Prostate cancer is a leading cause of cancer death in U.S. men, second only to lung cancer. During 2008, an estimated 186,320 new cases of prostate cancer will be diagnosed in the U.S. Approximately one in six men will be diagnosed with and one in 34 will die of prostate cancer.1
Once a diagnosis is made, the extent or stage of the disease must be determined before treatment decisions are made. The most critical issue is whether the tumor is confined to the prostate gland itself or extends beyond.
Staging is based upon a combination of the clinical results of the prostate-specific antigen test and its subanalysis such as velocity and density, the Gleason score, a patient's age, imaging such as endorectal coil MRI, and family history.
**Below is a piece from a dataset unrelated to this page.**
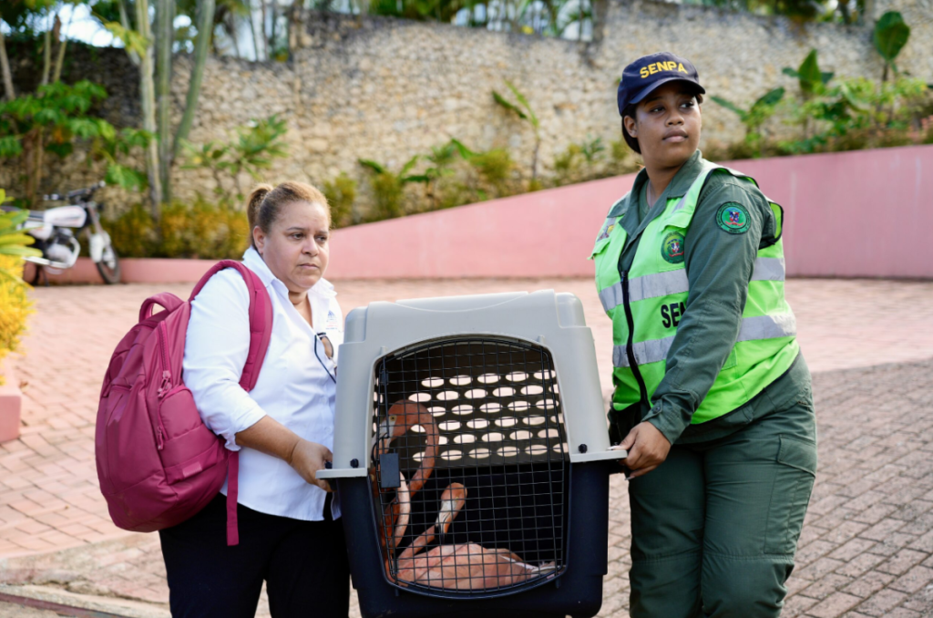 Technicians Luis Aníbal José Amparo and Indira Sanchez, inspectors from the Department of Wildlife Regulation and Control of the Biodiversity Department, rescued the birds.

Localized prostate cancer treatments range from the aggressive radical prostatectomy to active surveillance, or watchful waiting. Selection of treatment is based on a full evaluation of the risks and benefits of all treatment options within the context of the patient's situation. Chief treatment determinants are medical recommendations, patient preferences, and local expertise, including the availability of various treatments.
Major concerns include the possibility of successful treatment of the tumor and the extent of side effects. Given the extreme range of treatment options and concern about side effects, patients and their doctors are giving close scrutiny to new focal and/or minimally invasive treatments as possible alternatives.
These alternative focal treatment options differ from traditional approaches in that they do not treat the entire prostate gland as if it were uniformly filled with cancer. One major driver of alternative treatment approaches, or less than total gland treatment, is the desire to preserve the patient's quality of life. The side effects of traditional prostate surgery and radiation include incontinence, impotence, and rectal damage (from the radiation).
Traditional surgery always involves total gland removal, and radiation treatments deliver uniform doses of brachytherapy and external-beam radiation, for example, to the entire gland. The newer treatment of intensitymodulated radiation therapy (IMRT), however, allows for dose escalation to focal regions.
New radiation planning software now offers so-called dose-painting approaches to tailor dose delivery to only those predefined abnormal regions of the gland. These regions are most commonly MRI-defined. MR-guided brachytherapy, pioneered by D'Amico et al,2 was one of the first "sub-total gland" treatments established for prostate cancer. It uses MR images to outline a subregion of the gland, generally the peripheral zone of the gland as seen on T2-weighted MRI, to define the clinical target volume. Compared with radical prostatectomy, MR-guided brachytherapy is very successful in that it has led to similar outcomes and more favorable quality of life.3,4 Using other radiation approaches such as IMRT can minimize some side effects. Surgical approaches can also be modified to some degree using laproscopic or robotic techniques. These efforts are mainly directed at reducing perioperative morbidity and length of stay in the hospital, however, and early evidence suggests that they require significant expertise and can be associated with significant failure rates.5
Another alternative to conventional prostate treatment that has been in clinical use worldwide for many years is therapeutic ultrasound using focused acoustic energy to cause thermal coagulation deep within the prostate. Parts of the prostate gland can be ablated once a high-intensity ultrasound beam is localized to a small focal point, resulting in individual sonications causing thermal damage, or thermocoagulation. To control the ablation and minimize side effects, a clinician can regulate ultrasound power deposition and other parameters so as to ablate only the intended volume of tissue.
When focused acoustic energy is combined with MRI as the imaging guidance tool, the technique is known as MR-guided focused ultrasound surgery (MRgFUS), but when it is used with ultrasound, the technique is generally known as high-intensity focused ultrasound (HIFU). MR's critical advantage is its ability to provide MR thermometry to allow real-time feedback of therapeutic heating effects during treatment.